INFORMATION PROVIDED:
::::::::::

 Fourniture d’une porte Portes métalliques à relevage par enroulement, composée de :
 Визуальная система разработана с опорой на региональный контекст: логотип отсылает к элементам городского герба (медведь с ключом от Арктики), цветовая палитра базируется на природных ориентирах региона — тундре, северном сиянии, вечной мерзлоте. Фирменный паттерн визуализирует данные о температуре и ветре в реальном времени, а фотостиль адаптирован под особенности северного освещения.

::::::::::

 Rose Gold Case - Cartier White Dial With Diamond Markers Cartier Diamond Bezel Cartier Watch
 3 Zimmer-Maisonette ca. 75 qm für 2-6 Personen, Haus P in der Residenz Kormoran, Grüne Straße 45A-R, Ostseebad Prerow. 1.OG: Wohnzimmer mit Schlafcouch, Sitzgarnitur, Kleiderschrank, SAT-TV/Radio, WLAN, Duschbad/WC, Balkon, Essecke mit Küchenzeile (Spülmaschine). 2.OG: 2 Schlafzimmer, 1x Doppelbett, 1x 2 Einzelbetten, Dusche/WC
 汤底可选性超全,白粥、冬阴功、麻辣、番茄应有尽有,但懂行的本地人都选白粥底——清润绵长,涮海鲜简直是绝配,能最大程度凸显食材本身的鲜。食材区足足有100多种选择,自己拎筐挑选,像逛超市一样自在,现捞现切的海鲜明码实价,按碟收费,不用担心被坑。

::::::::::

PROBLEM DETAILS: Please return only the lines above, starting at the line that has "Fourniture d’une porte" and ending at the line that has "Визуальная система разработана", keeping both and leaving each one unchanged.

FINAL ANSWER:
 Fourniture d’une porte Portes métalliques à relevage par enroulement, composée de :
 Визуальная система разработана с опорой на региональный контекст: логотип отсылает к элементам городского герба (медведь с ключом от Арктики), цветовая палитра базируется на природных ориентирах региона — тундре, северном сиянии, вечной мерзлоте. Фирменный паттерн визуализирует данные о температуре и ветре в реальном времени, а фотостиль адаптирован под особенности северного освещения.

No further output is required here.